科学・技術・9月10日
欧州原子核研究機構(CERN)の大型ハドロン衝突型加速器(LHC)が初稼働
2008年9月10日、スイス・ジュネーブ郊外にある欧州原子核研究機構(CERN)の大型ハドロン衝突型加速器(LHC)が初めて稼働を開始しました。世界最大級の粒子加速器を用いた実験の幕開けであり、素粒子物理学の新たな扉を開く歴史的な出来事となりました。
大型ハドロン衝突型加速器(LHC)の初稼働
2008年9月10日、CERNは地下トンネルに設置された全長約27キロメートルの円形加速器LHCに初めて陽子ビームを通すテストを行いました。初期の調整段階を経て順調にビームが周回し、世界中の科学者から大きな注目を集めました。
実験の目的と科学的背景
LHCは、光速に近い速度に加速した粒子同士を高エネルギーで衝突させることで、宇宙初期の状態を再現し、質量の起源とされるヒッグス粒子などの未発見の素粒子を捉えることを主な目的として計画・建設されました。
その後の影響と成果
初稼働の直後に電気系統のトラブルによる一時停止を経験したものの、その後本格的な実験が再開されました。

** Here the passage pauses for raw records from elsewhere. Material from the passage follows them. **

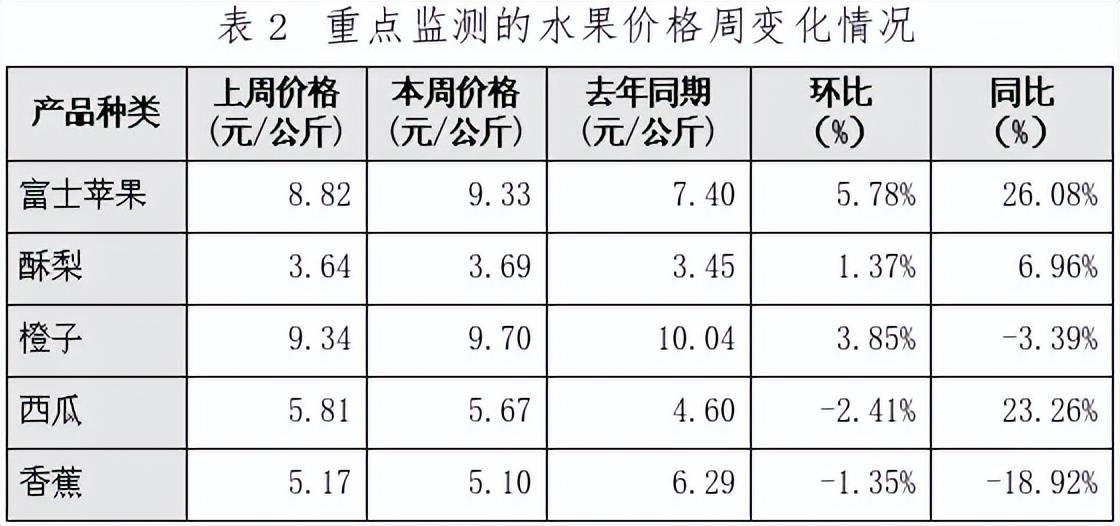本周重点监测的5种水果平均价格为6.70元/公斤,比上周上涨2.13%,同比上涨5.51%(详见表2)。
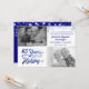 Convite de festa de aniversário de 65 anos de casamento com estrelas em azul safira e prata, apresentando um título com tipografia retrô que diz 65 ANOS EM CONSTRUÇÃO, que integra o ano do casamento dentro do design e inclui duas fotos (talvez fotos de então e agora). O verso inclui informações adicionais do convite. DICA DE FOTO: Para obter resultados mais rápidos e melhores, escolha uma foto com o assunto no meio e/ou pré-edite para um formato semelhante ao mostrado ANTES de fazer o upload. Entre em contato com o designer via Zazzle Chat ou makeitaboutyoustore@gmail.com se você gostaria que este design fosse modificado, em outro produto ou gostaria de itens coordenados.
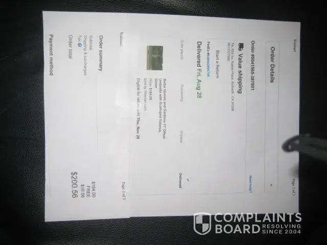 I purchased a Better Homes and Gardens offset umbrella from Walgrens which was delivered 8/28/2015. While setting it up we discovered the pole was bent the wrong way, forward rather than backward, causing it to be too low to the ground. This was apparently a manufacturing defect. I am 5'6" and could not walk under it. I called customer service and spoke to a representative named Daniel and sent him e-mail pictures of the umbrella. He said they would send a replacement pole. 9/30/2015 I called Daniel again as I had not received the pole. He said there was a delay but the pole would ship in 2 days. 10/30/2015 still no pole. I called and got a different chap as Daniel was not at work. This chap said they were on back order. Called 11/9/2015 and spoke to Daniel. He said I should return it to Walgrens. Why didn't he tell me that 2 1/2 months ago? I relied on the Better Homes and Gardens instructions and customer service representative Daniel. How am I suppose to return an item with no box? And by the way...summer is over.
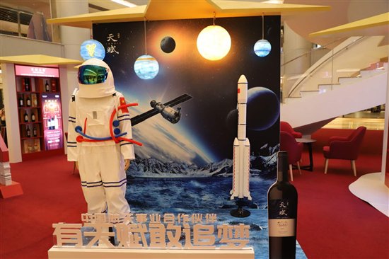 长城天赋展位上,天赋蓝与航天蓝成为展位的主色调,梦幻的星空勾勒了长城天赋葡萄酒如宇宙般浩瀚的的广阔梦想。
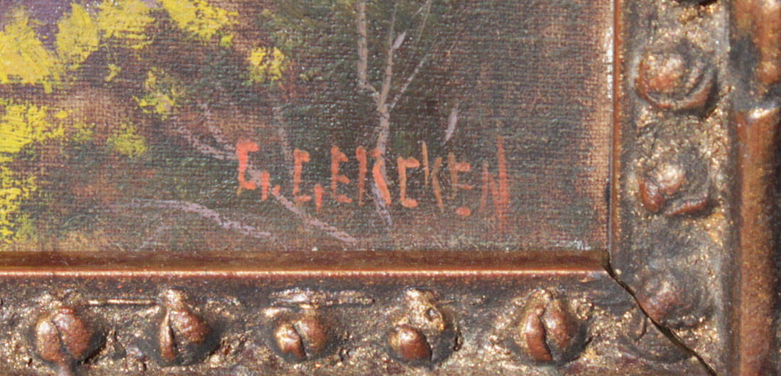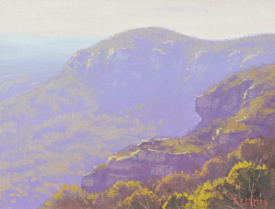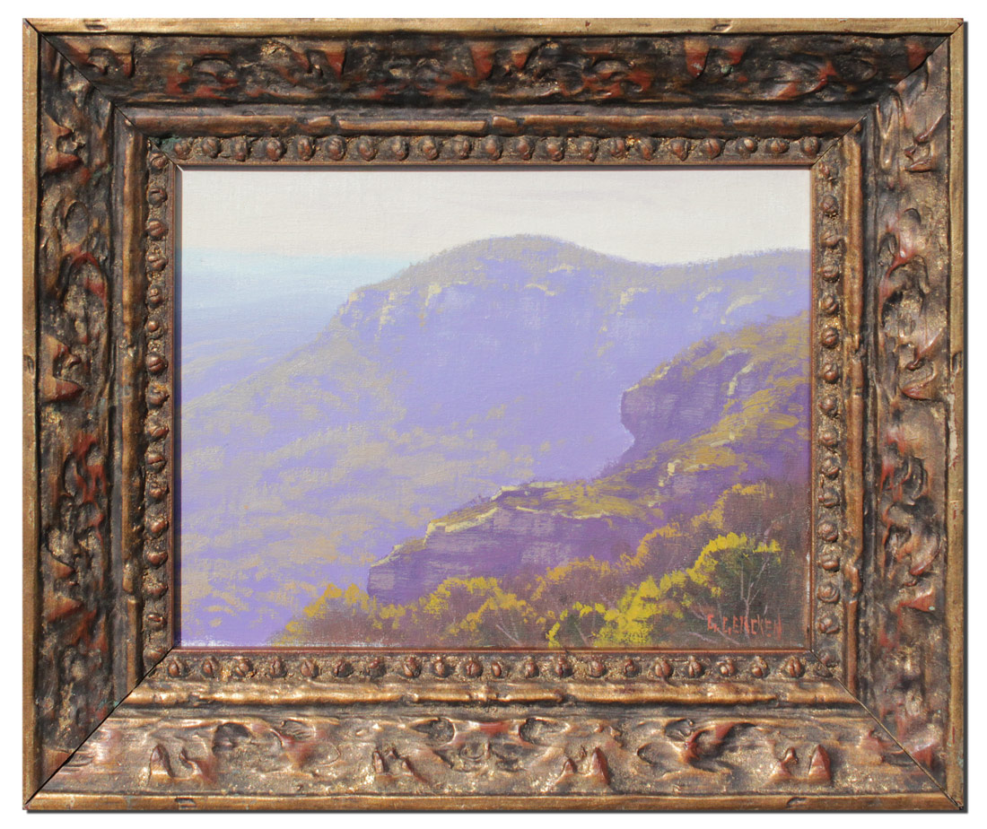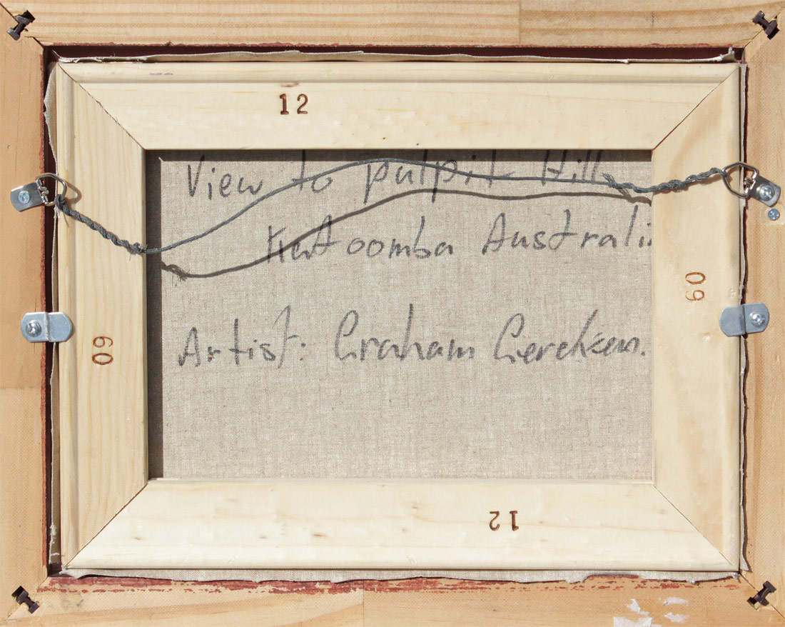 GERCKEN, Graham, (Australian, 1960- ): ''View to Pulpit Hill'', Oil/Canvas, 9'' x 12'', signed lower right, title and info verso, gold gilt molding with wear, 13 7/8'' x 16 7/8''.
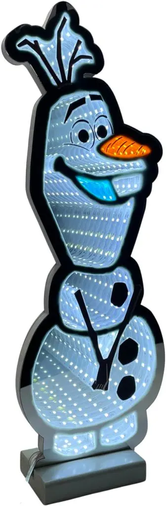 Breng winterse magie in huis met deze prachtige Infinity Light van Disney’s Olaf. Met zijn vrolijke lach, feestelijke kerstmuts en heldere witte LED-verlichting straalt Olaf pure kerstsfeer uit. Het indrukwekkende 65 cm formaat en het betoverende diepte-effect maken hem tot een schitterende blikvanger in elke ruimte.
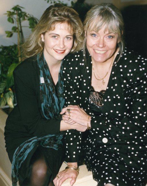 A couple of images released to mark the 25th wedding anniversary of the fictional couple of Arthur and Pauline Fowler, on EastEnders. Wendy is shown with actress Susan Tully, who at this time (1990) was still playing the role of Pauline's strong-willed daughter Michelle Fowler. |
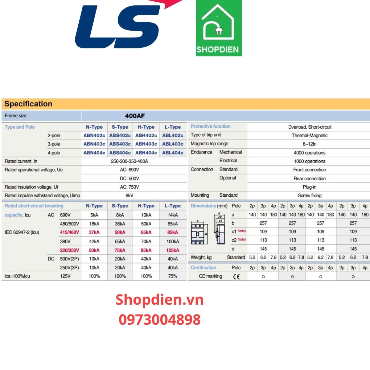 TÊN SẢN PHẨM: ABN403C LS MCCB 3P 250A 42KA Aptomat Cầu dao tự động
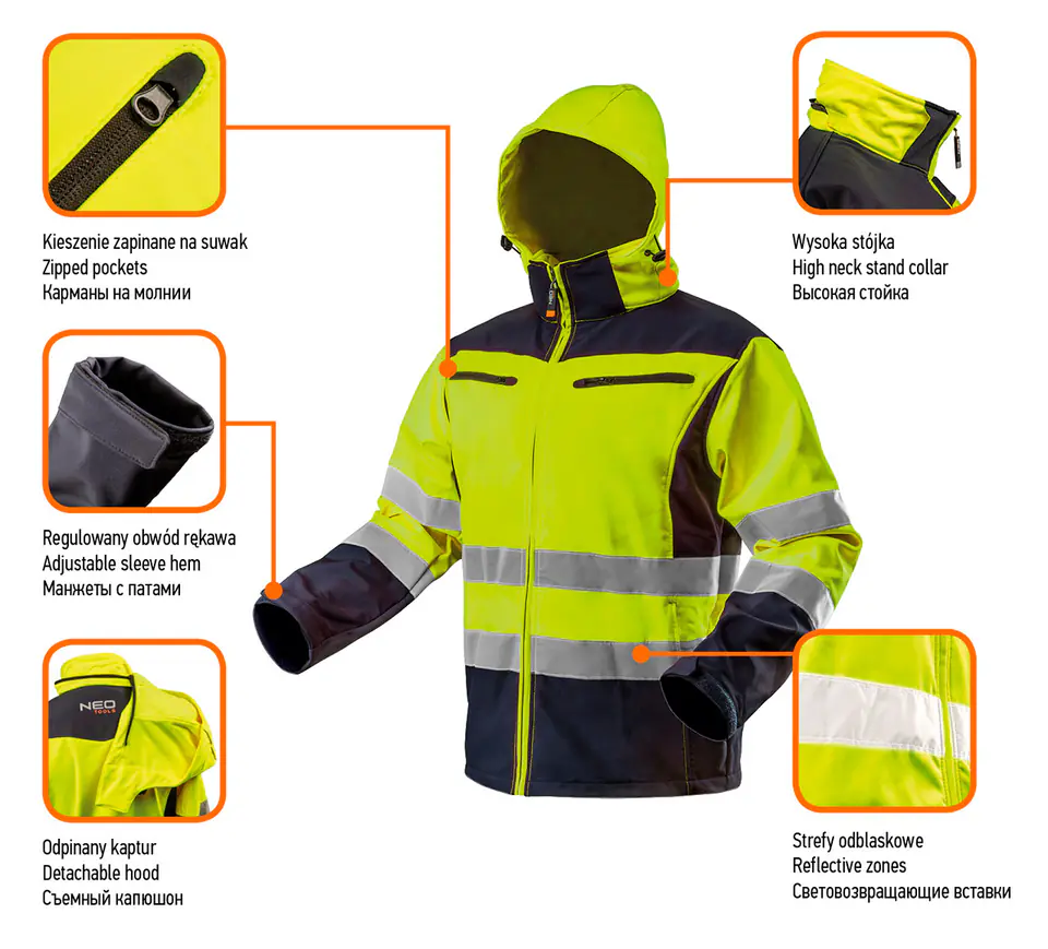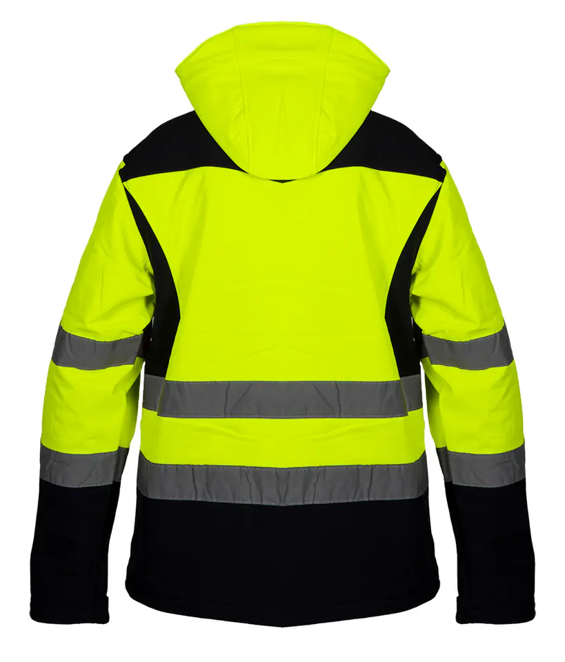 Kurtka robocza ostrzegawcza softshell z kapturem, żółta, rozmiar L, o intensywnej widzialności, klasa 2 wg. normy EN ISO 20471, wodoodporność 8000 mm, oddychalność 3000 g/m2/24h, wiatrochronna, wewnętrzna strona polarowa, 4 kieszenie zapiane na suwak, kieszeń wewnętrzna zapianana na rzep, ściągacz w rękawach na rzep, regulowany ściągacz w pasie, odpinany kaptur ze ściągaczem, certyfikat CE, EN ISO 13688:2013
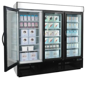 • Nombre et type de porte : 3 portes vitrées chauffantes à fermeture automatique
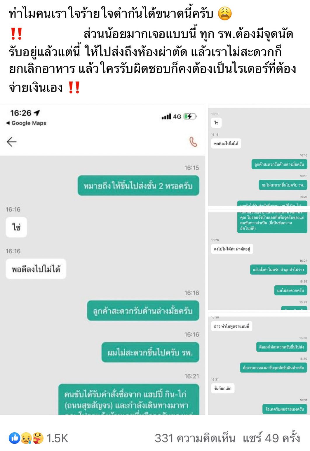 ขณะที่ต่อมา ทางเจ้าตัวได้นำเรื่องนี้มาโพสต์ลงโซเชียล ทำให้เกิดกระแสวิพากษ์วิจารณ์กันจำนวนมาก จากการที่ และจากการสอบถามทางด้าน นายณัฐดนัย สินเปียง อายุ 29 ปี พนักงานส่งอาหารค่ายหนึ่ง ที่โพสต์แชทการพูดคุยระหว่างเขากับลูกค้า ซึ่งเป็นเจ้าหน้าที่ในโรงพยาบาลเอกชนแห่งหนึ่งใน อ.เมืองเชียงใหม่ ในสื่อสังคมออนไลน์ เล่าว่า เรื่องนี้เกิดขึ้นช่วงบ่ายวันที่ 21 สิงหาคม ลูกค้าได้สั่งอาหารและให้ไปส่งที่โรงพยาบาล เมื่อไปถึงลูกค้าแจ้งให้ขึ้นไปส่งห้องผ่าตัดชั้นสอง แต่เขาแจ้งว่าไม่สะดวกขึ้นไปและขอให้ลงมารับอาหารที่จุดรับส่งด้านล่าง แต่ลูกค้ายืนยันระบุว่า “ลงไปไม่ได้ค่ะ ผ่าตัดอยู่” ก่อนที่จะยกเลิกออเดอร์ไปในที่สุดและทำให้ไรเดอร์ ต้องรับผิดชอบจ่ายเงินค่าอาหารเองเป็นเงิน 55 บาท
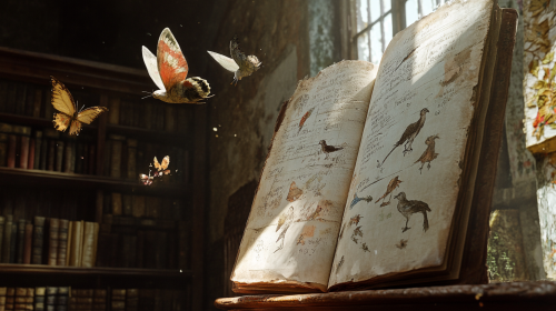 a photorealistic shot from an anamorphic movie. An extreme close up of a Victorian ledger in a Victorian study, the ledger is full of columns of figures . In the margins of the ledger are a child’s crude colourful drawings of rabbits, birds and butterflies. The drawings start to leave the page and animate --ar 16:9
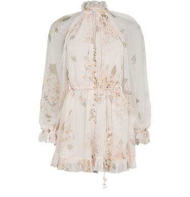 Discover the Zimmermann Balance Flutter Playsuit, where floral prints meet a high-neck design. This short, loose-fit jumpsuit boasts ruffled sleeves and pleated details, adding flair to its long-sleeved silhouette. Side pockets and a gathered waist complete this effortlessly stylish ensemble.
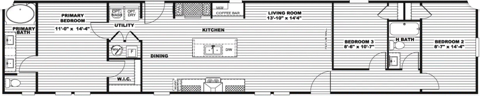 3 BED, 2 BATH | 16 X 76 | 1,216 square feet

2012年にはヒッグス粒子の発見が発表されるなど、現代物理学の発展に極めて大きな貢献を続けています。
ポイント
- 欧州原子核研究機構(CERN)がスイスとフランスの国境付近に建設した。
- LHCは世界最大・最高エネルギーの衝突型加速器である。
- 2008年9月10日に最初のビーム通し(初稼働)が実施された。